= August Nitschke =

German historian (1926–2019)

August Nitschke (September 18, 1926 – September 2, 2019) was a German historian and co-founder of the Historical anthropology movement.

== Life ==
August Nitschke was the eldest son of the pediatrician Halle Alfred Nitschke (1898–1960) and the physician Maria Nitschke (1897–1991).

He grew up in Hamburg, Berlin, and Halle an der Saale. After his military service, he studied in Göttingen. There, he was awarded a doctorate in 1951. From 1950 to 1952 he worked as a tutor and assistant at the Leibniz College. Soon after, he received a grant from the German Research Foundation which enabled him to work for three years in Rome, where he edited the medieval chronicle at Saba Malaspina.

He was the first historian to go to the then TH Stuttgart after the war. There he published the "Propyläen Weltgeschichte"[de], an anthropological treatise, with Golo Mann.

He taught at the Historical Institute of the University of Stuttgart, which he co-founded in 1960. The establishment of the “History” and “History of Science and Technology” courses can be traced back to his work. In 1968/69 he was Dean of the then "Faculty for natural sciences and humanities", in 1970/71 and 1978/79 he served as vice-rector and temporarily took over the office of rector.
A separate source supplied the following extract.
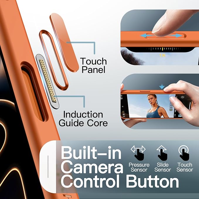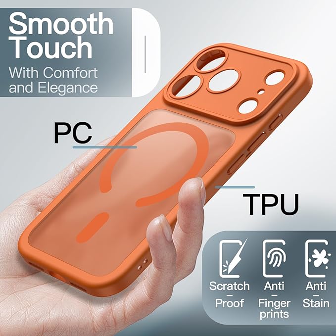 JETech iPhone 17 Pro 6.3インチ用 マグネットケース MagSafeに対応 耐衝撃薄型 スマホカバー 内蔵カメラコントロールボタン マット半透明バック (オレンジ)

In these functions and as a long-term member of the Senate, he strongly advocated the expansion of the Technical University of Stuttgart into a full university. For the SDR he designed the series Funkkolleg Geschichte (1979) and Funkkolleg Jahrhundertwende (1988). In 1987 he worked as a visiting scholar at the Wissenschaftskolleg zu Berlin, 1991/92 at the Center for Interdisciplinary Research at Bielefeld University and followed invitations to the US, Japan and China.
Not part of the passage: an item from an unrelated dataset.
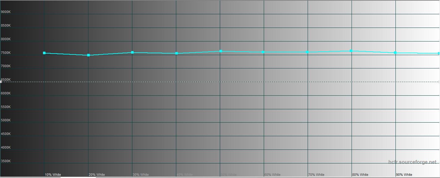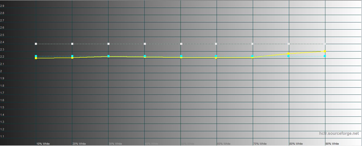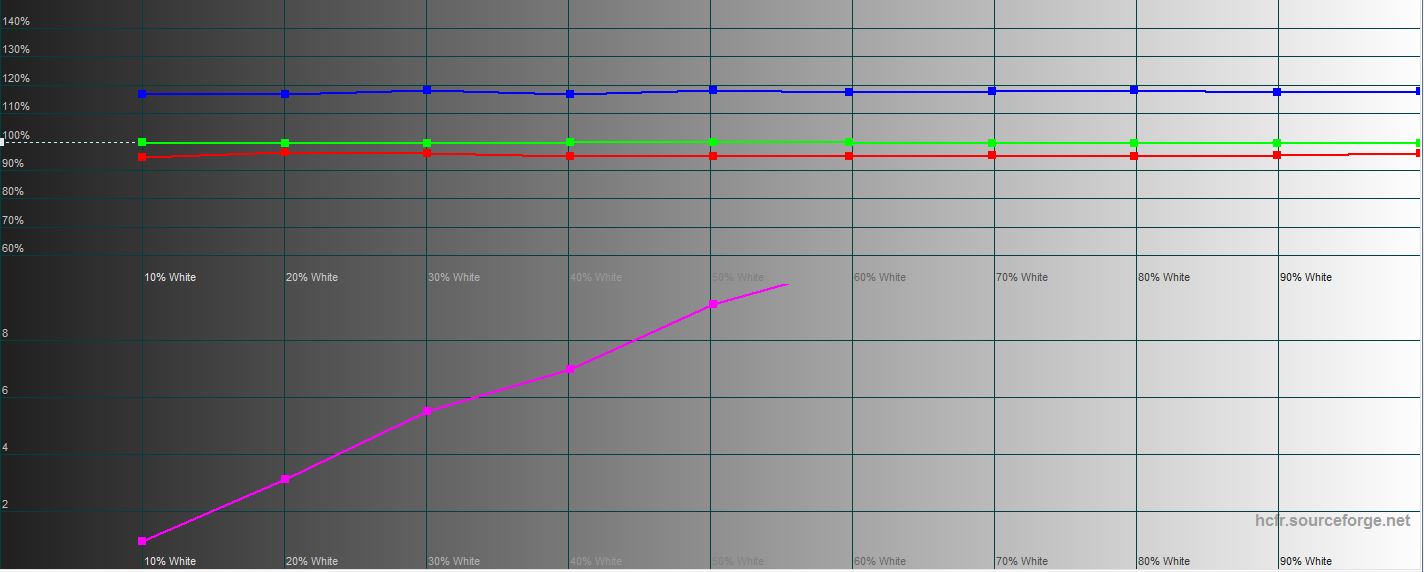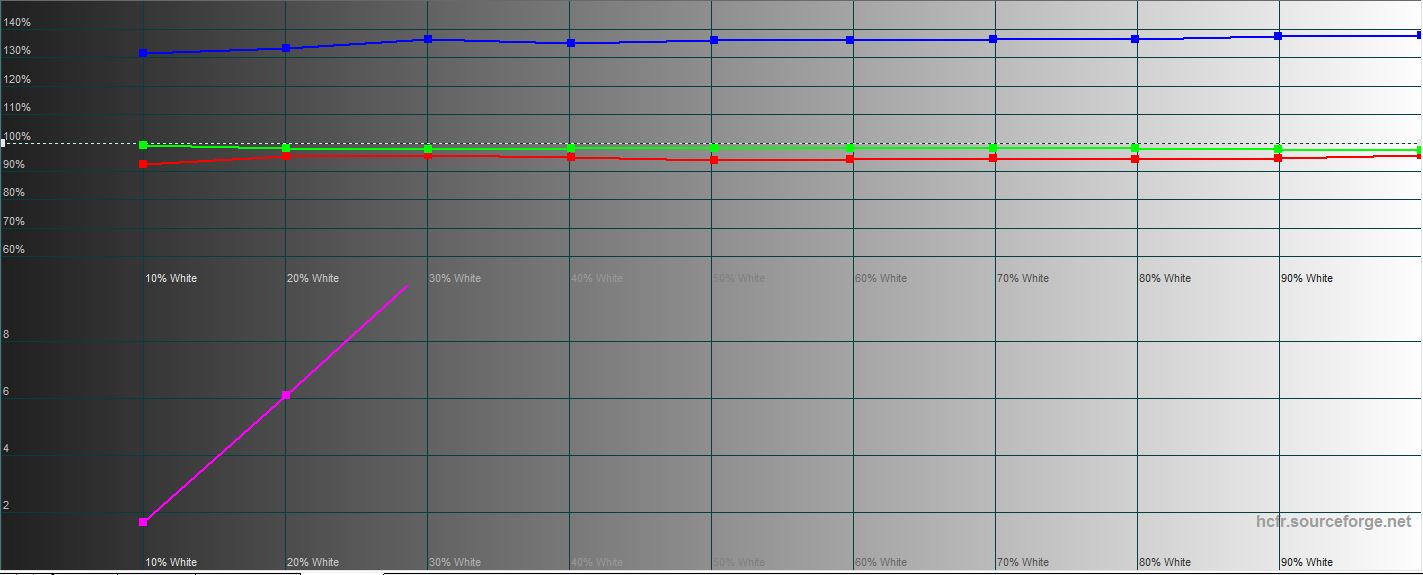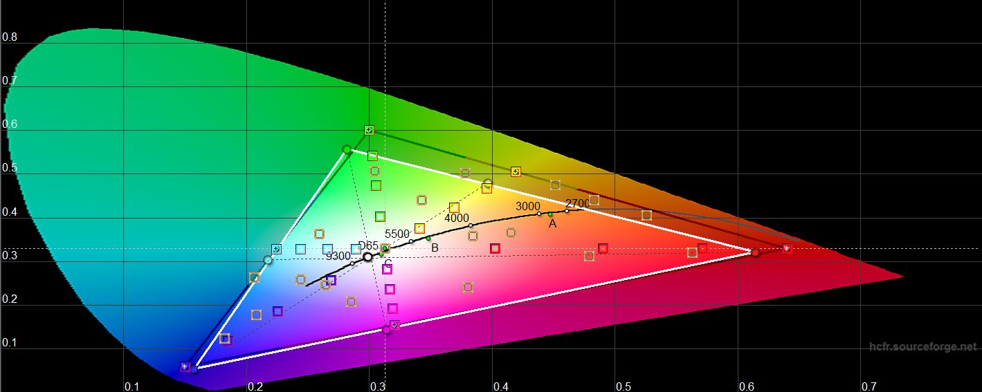 W trybie „Kinowy” maksymalna jasność jest nieco niższa: 429,937 cd/m². Gama kolorów jest wizualnie węższa niż w trybie „Naturalny”, ale wyświetlanie kolorów jest bardziej naturalne, znacznie bliższe wartościom referencyjnym. Istnieje tendencja do zimnych odcieni, ale nieistotna: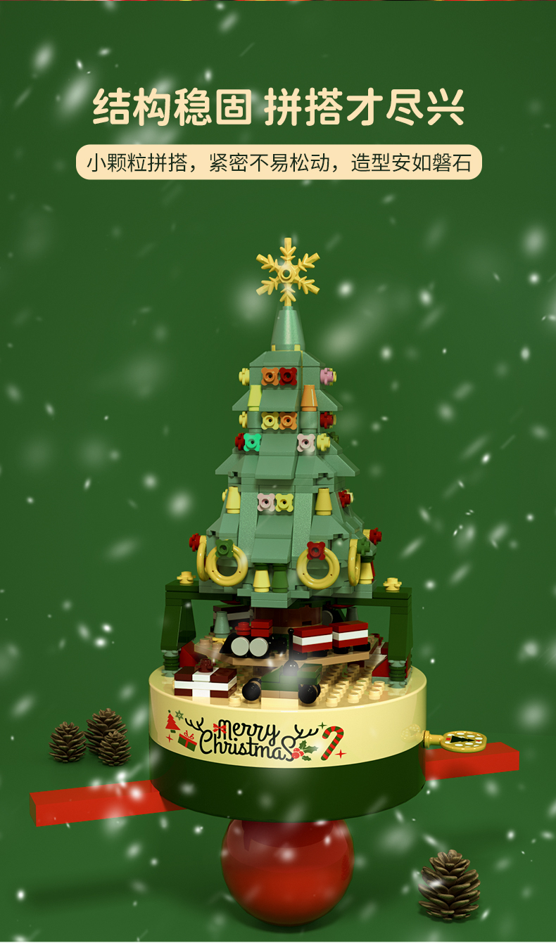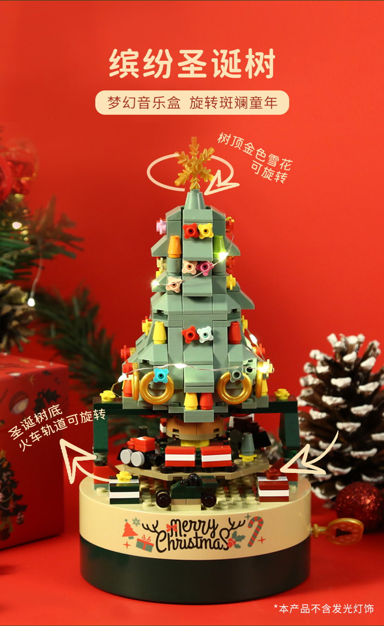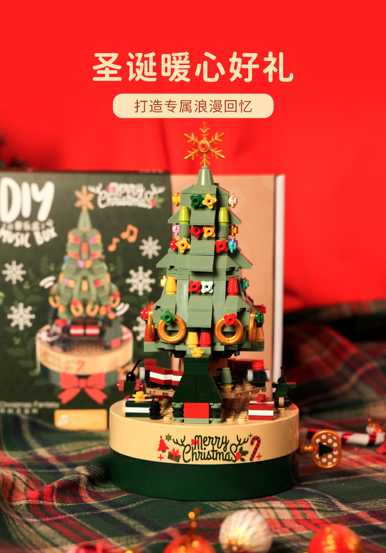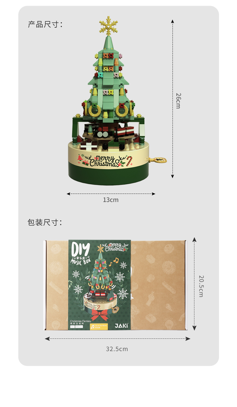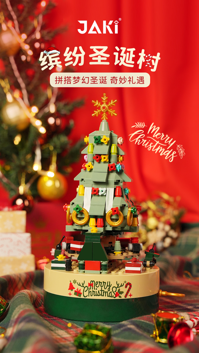 佳奇jaki 缤纷圣诞树梦幻音乐盒积木 圣诞暖心好礼

August Nitschke was awarded the Federal Cross of Merit on October 17, 1986, for his services to historical research at home and abroad, especially for the organization of the International Congress of Historians in Stuttgart together with Eberhard Jäckel in 1980. Nitschke's students and employees included Dieter R. Bauer, Johannes Burkhardt, Henning Eichberg, Ekkehard Eickhoff, Andreas Kalckhoff, Sönke Lorenz, Harald Kleinschmidt, Tilman Struve, Wolfgang Stürner and Johannes Zahlten. After his retirement on September 30, 1994, he continued to work in various academic and journalistic fields, including the Northeastern University in Shenyang.

== Research ==

=== Dialogue with the natural sciences ===
Nitschke's early works were from the era of the investiture controversy, Staufer Sicily, and source studies of the 13th century. Together with Golo Mann, he published the "Propylaea World History" from 1960 to 1964. Working at a university with a focus on engineering led him to ask about the historical conditions of scientific knowledge and technical action. For decades he has successfully sought dialogue with the natural and engineering sciences. This resulted in cooperation in the form of joint courses, conferences and publications. With two radio colleges on the methodology of historical research and on the culture of the turn of the century (1900) Nitschke reached a broad public.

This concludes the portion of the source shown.